» **WHAT YOU HAVE TO DO**
Pictures in the entries below are excluded; copy only the lines from the one containing "Notice from Maskwacis" to the one containing "在天目里看来,「无障碍」的受", both included.

» **MATERIAL FOR THIS EXERCISE**
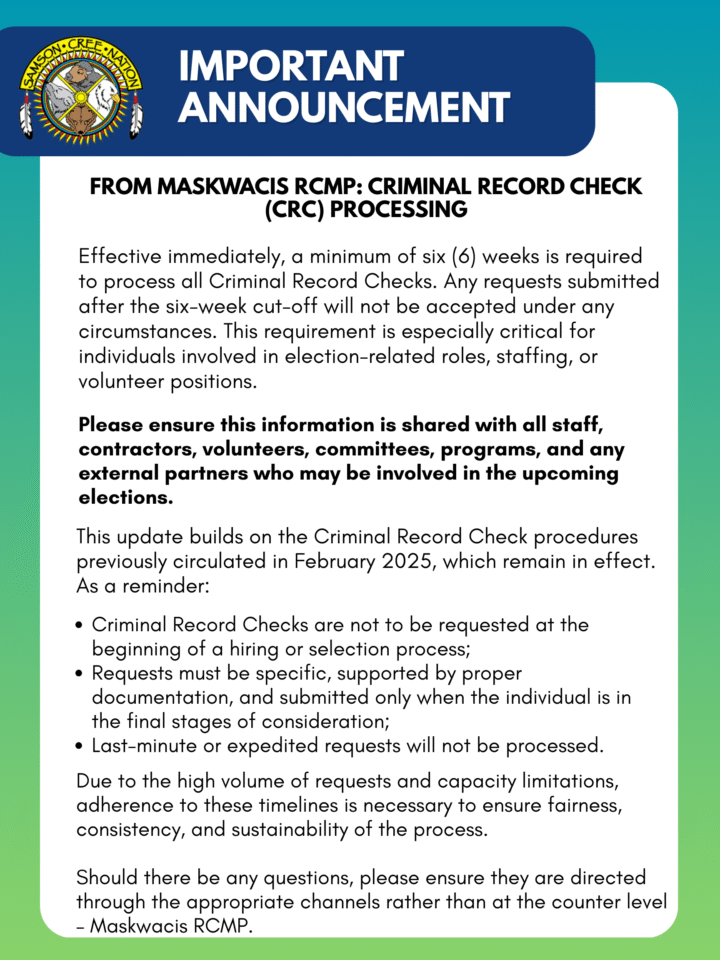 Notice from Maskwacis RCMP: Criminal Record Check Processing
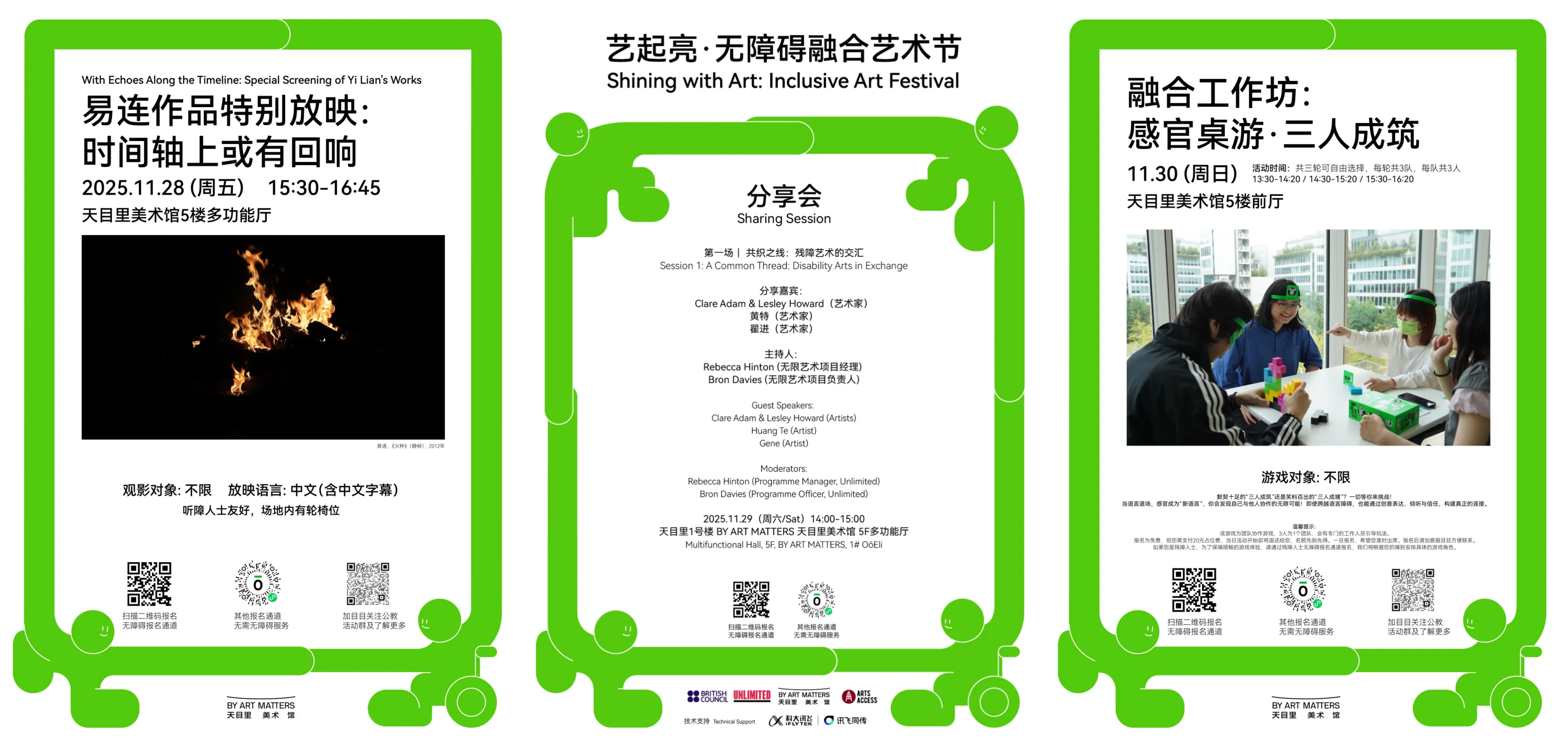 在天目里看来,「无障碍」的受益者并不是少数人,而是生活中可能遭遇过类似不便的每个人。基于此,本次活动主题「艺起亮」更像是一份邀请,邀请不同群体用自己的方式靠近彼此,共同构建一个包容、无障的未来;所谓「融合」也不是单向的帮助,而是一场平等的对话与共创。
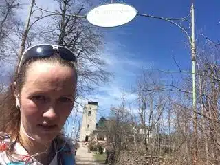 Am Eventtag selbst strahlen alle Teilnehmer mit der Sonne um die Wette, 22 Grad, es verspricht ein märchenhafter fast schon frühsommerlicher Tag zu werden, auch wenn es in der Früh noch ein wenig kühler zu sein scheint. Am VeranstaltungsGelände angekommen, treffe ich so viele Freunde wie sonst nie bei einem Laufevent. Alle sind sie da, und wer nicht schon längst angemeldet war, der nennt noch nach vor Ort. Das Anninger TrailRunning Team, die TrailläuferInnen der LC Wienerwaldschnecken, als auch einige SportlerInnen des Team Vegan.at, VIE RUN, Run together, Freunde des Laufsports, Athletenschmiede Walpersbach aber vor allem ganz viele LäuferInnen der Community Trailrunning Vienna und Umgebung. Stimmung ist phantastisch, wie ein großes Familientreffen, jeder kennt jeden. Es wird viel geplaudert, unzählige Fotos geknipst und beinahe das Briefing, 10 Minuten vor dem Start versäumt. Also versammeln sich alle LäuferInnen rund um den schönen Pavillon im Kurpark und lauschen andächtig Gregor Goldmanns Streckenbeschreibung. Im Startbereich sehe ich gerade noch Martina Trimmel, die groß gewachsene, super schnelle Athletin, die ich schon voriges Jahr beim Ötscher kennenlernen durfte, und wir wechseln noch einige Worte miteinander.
==
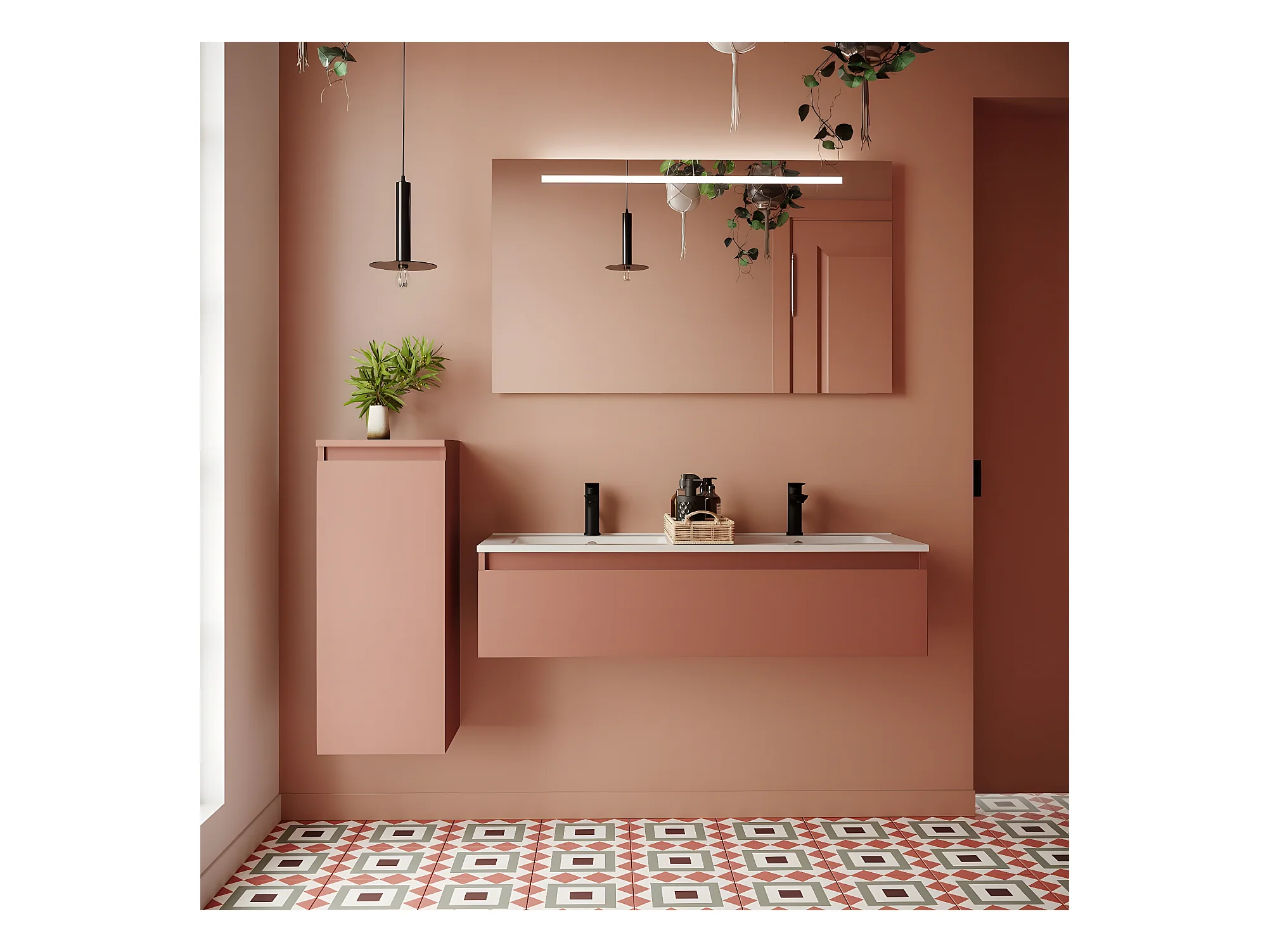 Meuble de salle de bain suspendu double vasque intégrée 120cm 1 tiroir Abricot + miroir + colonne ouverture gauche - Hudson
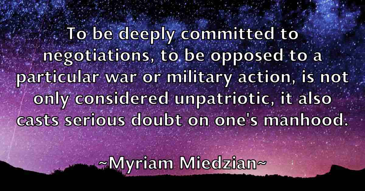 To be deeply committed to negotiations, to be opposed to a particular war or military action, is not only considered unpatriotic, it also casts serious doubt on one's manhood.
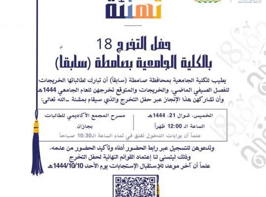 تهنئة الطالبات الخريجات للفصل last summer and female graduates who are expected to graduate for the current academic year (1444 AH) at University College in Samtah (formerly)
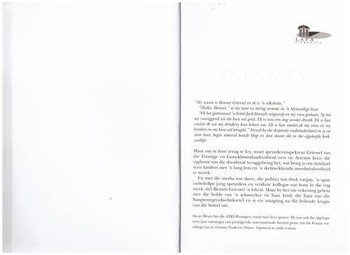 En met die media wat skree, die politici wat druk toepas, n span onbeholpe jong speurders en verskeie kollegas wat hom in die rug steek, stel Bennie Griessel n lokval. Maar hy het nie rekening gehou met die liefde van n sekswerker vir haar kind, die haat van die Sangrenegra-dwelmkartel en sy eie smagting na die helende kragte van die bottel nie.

» **ANSWER SPACE**
 Notice from Maskwacis RCMP: Criminal Record Check Processing
 在天目里看来,「无障碍」的受益者并不是少数人,而是生活中可能遭遇过类似不便的每个人。基于此,本次活动主题「艺起亮」更像是一份邀请,邀请不同群体用自己的方式靠近彼此,共同构建一个包容、无障的未来;所谓「融合」也不是单向的帮助,而是一场平等的对话与共创。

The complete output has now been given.